● WHAT YOU SHOULD DO
Exactly as written, reproduce the lines from the beginning of the data through the line containing "(1 July Rally)"; the pictures are not reproduced.

● EXTRACTED MATERIAL

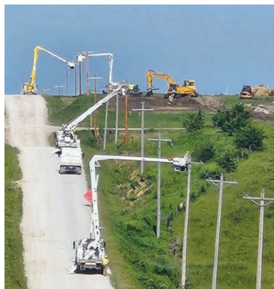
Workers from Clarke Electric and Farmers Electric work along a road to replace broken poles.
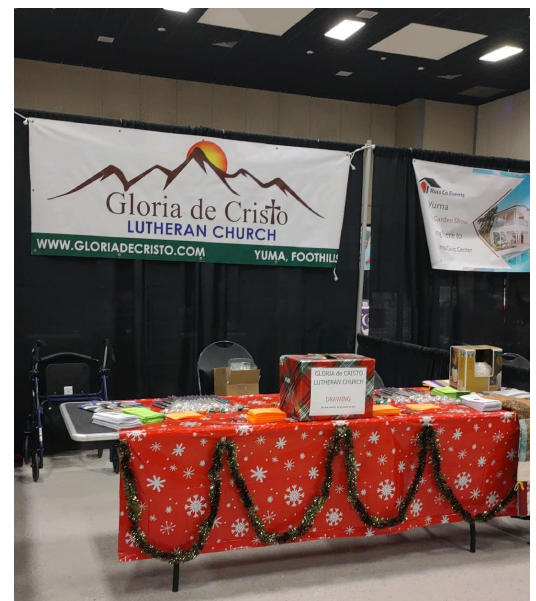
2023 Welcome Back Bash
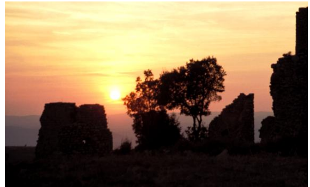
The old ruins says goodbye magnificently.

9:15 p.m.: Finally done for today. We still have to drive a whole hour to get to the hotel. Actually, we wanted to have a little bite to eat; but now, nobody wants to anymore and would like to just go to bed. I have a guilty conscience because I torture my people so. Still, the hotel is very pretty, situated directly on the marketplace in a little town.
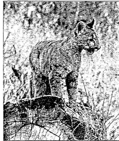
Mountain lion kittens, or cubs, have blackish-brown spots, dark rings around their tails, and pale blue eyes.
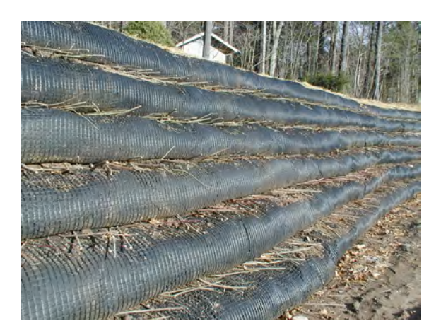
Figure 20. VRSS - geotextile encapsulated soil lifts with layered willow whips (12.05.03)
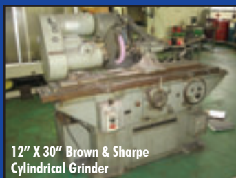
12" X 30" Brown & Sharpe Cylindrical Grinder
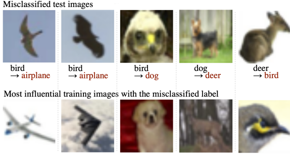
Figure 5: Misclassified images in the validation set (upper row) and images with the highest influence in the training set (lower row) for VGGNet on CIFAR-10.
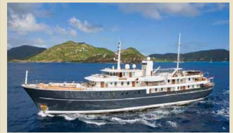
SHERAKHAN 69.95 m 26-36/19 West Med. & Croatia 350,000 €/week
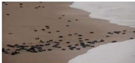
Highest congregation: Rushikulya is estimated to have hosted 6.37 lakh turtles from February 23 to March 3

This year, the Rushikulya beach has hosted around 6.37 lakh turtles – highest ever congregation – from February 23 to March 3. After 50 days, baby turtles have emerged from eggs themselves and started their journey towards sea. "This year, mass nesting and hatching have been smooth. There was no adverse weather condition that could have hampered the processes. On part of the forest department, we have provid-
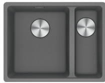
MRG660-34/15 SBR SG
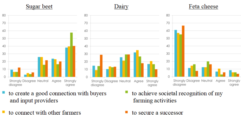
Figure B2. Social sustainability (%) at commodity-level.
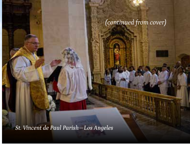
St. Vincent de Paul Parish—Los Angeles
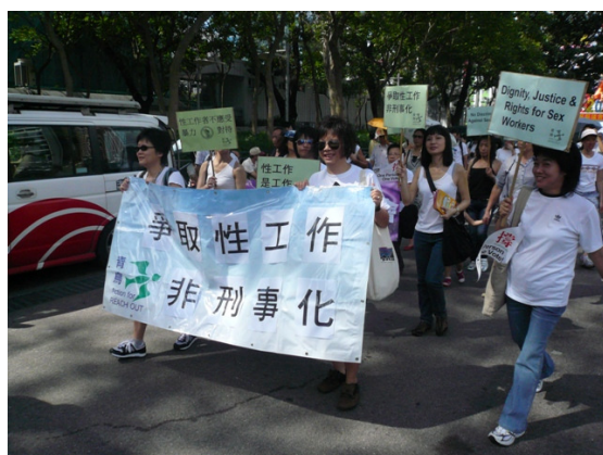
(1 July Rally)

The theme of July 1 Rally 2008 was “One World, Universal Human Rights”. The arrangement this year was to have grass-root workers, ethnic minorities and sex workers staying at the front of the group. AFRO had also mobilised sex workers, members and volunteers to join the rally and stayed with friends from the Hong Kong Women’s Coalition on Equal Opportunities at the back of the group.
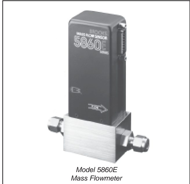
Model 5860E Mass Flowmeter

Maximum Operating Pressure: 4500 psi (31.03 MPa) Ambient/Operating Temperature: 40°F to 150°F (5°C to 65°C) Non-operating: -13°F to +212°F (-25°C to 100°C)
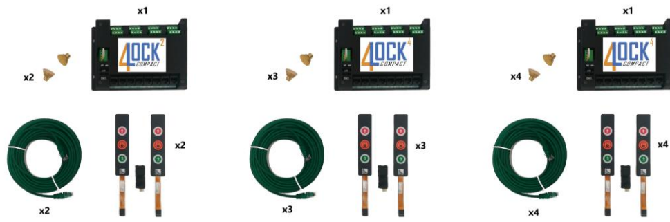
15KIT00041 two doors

● SOLUTION TO THE PROBLEM
Workers from Clarke Electric and Farmers Electric work along a road to replace broken poles.
2023 Welcome Back Bash
The old ruins says goodbye magnificently.

9:15 p.m.: Finally done for today. We still have to drive a whole hour to get to the hotel. Actually, we wanted to have a little bite to eat; but now, nobody wants to anymore and would like to just go to bed. I have a guilty conscience because I torture my people so. Still, the hotel is very pretty, situated directly on the marketplace in a little town.
Mountain lion kittens, or cubs, have blackish-brown spots, dark rings around their tails, and pale blue eyes.
Figure 20. VRSS - geotextile encapsulated soil lifts with layered willow whips (12.05.03)
12" X 30" Brown & Sharpe Cylindrical Grinder
Figure 5: Misclassified images in the validation set (upper row) and images with the highest influence in the training set (lower row) for VGGNet on CIFAR-10.
SHERAKHAN 69.95 m 26-36/19 West Med. & Croatia 350,000 €/week
Highest congregation: Rushikulya is estimated to have hosted 6.37 lakh turtles from February 23 to March 3

This year, the Rushikulya beach has hosted around 6.37 lakh turtles – highest ever congregation – from February 23 to March 3. After 50 days, baby turtles have emerged from eggs themselves and started their journey towards sea. "This year, mass nesting and hatching have been smooth. There was no adverse weather condition that could have hampered the processes. On part of the forest department, we have provid-
MRG660-34/15 SBR SG
Figure B2. Social sustainability (%) at commodity-level.
St. Vincent de Paul Parish—Los Angeles
(1 July Rally)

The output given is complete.